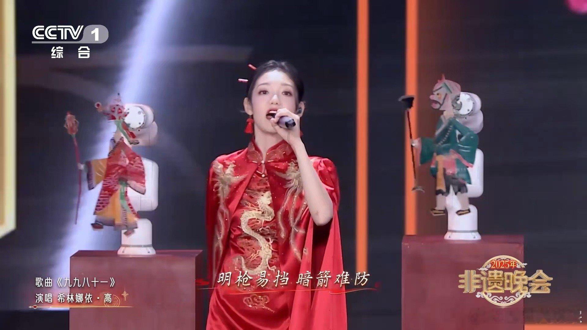希林娜依高的嗓音与这三项非遗太搭了 非遗晚会因希林娜依高的嗓音而闪耀。她用歌声为皮影、京剧、剪纸注入活力,皮影孙悟空大闹天宫在她的歌声中更加惊险刺激,三项非遗也因此更具吸引力。
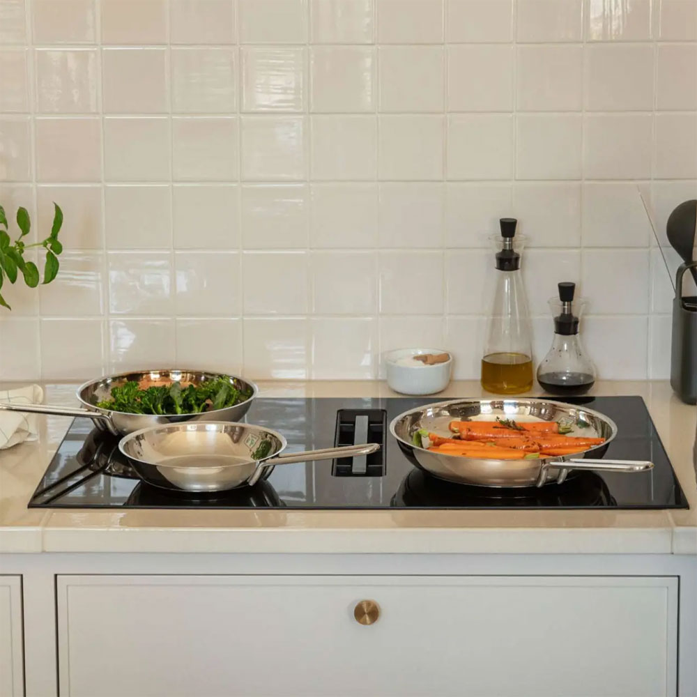 Der Korpus der Pfanne besteht aus 90 % Post-Consumer-Recycling-Edelstahl – ein unverwüstliches Material, das hohen Temperaturen, Metallutensilien und der Reinigung mit Stahlwolle standhält. Der massive Sandwichboden verteilt die Wärme gleichmäßig und reagiert rasch auf Temperaturänderungen, ganz gleich, ob Sie auf niedriger Stufe sautieren oder bei hoher Temperatur braten.
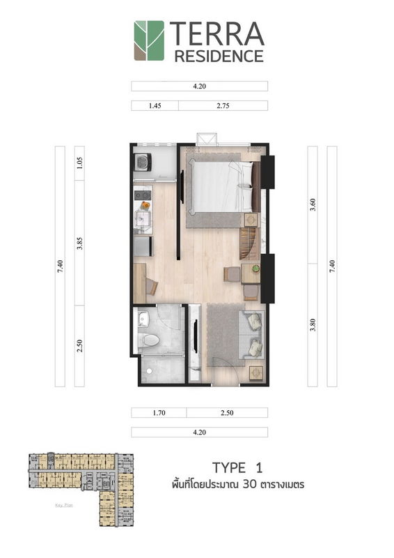 ขนาดห้อง 30 - 0 ตร.ม.
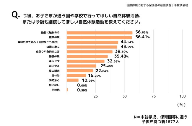 今後園や学校で行ってほしい自然体験活動、または今後も継続してほしい自然体験活動について質問したところ、1位が「動物に触れあう」(56.83%)2位が「農業体験」(56.41%)と、次いで「森林の中で遊ぶ(施設なども含む)」(44.54%)も併せて、保護者が日常では経験させづらい体験を園や学校に期待していると言えそうです。一方で、その後に続く「公園で遊ぶ」(43.59%)「虫取りや魚釣りなど」(39.59%)からも、普段の活動を継続することも保護者にとって重要な役割を果たしているといえるでしょう。
= = = =
**TASK REQUIREMENTS**
The line with "ขนาดห้อง 30 - 0 ตร.ม." marks the start, and the last line of the material marks the end. Reproduce exactly those two lines and every line between them, without the pictures.

**EXERCISE OUTPUT**
 ขนาดห้อง 30 - 0 ตร.ม.
 今後園や学校で行ってほしい自然体験活動、または今後も継続してほしい自然体験活動について質問したところ、1位が「動物に触れあう」(56.83%)2位が「農業体験」(56.41%)と、次いで「森林の中で遊ぶ(施設なども含む)」(44.54%)も併せて、保護者が日常では経験させづらい体験を園や学校に期待していると言えそうです。一方で、その後に続く「公園で遊ぶ」(43.59%)「虫取りや魚釣りなど」(39.59%)からも、普段の活動を継続することも保護者にとって重要な役割を果たしているといえるでしょう。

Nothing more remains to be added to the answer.